Reading two good books on using MapReduce algorithms for large scale text processing

I have a fair amount of experience with Hadoop, but little experience with associated tools like Pig and Mahout. I can spend more time with Pig in my local sandbox but I wanted more formal help getting up to speed with Mahout and general MapReduce application programming. I purchased the MEAP for Mahout In Action, reading new chapters as they are available. The authors (especially Robin Anil) have been very helpful on the online forum for the book, and I have found the material to be useful and interesting.

Another book I bought was just delivered yesterday morning: Data-Intensive Text Processing with MapReduce. I have only read the first few chapters but the book has been very interesting and informative.

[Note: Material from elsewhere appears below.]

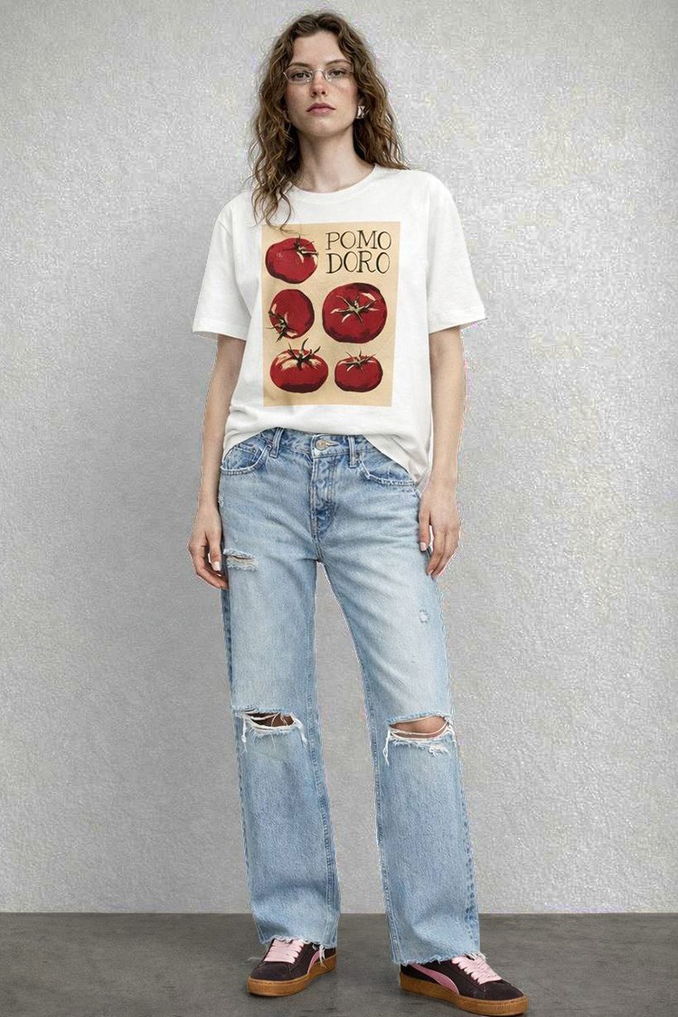 - A modell rövid ujjú, kerek nyakkivágású, oversized szabású és vonzó felirattal ellátott mintával rendelkezik.

I have done some work based on Hadoop for about half the customers I have had in the last year and a half, and I believe that knowing how to horizontally scale out machine learning and text analytics applications has become a must-have skill.


Alex Ott said...

last beta of Data-Intensive Text Processing with MapReduce is also available online at

Mark Watson, author and consultant said...

Thanks Alex! Good link.

Alex Ott said...

Mark, have you heard about Cascalog - ? It built with Clojure on top of Cascading and allows easily write queries against data in Hadoop

P.S. I'm currently experimenting with same technologies - mahout, etc. ;-)

Mark Watson, author and consultant said...

I have looked at Cascalog, but not actually tried it.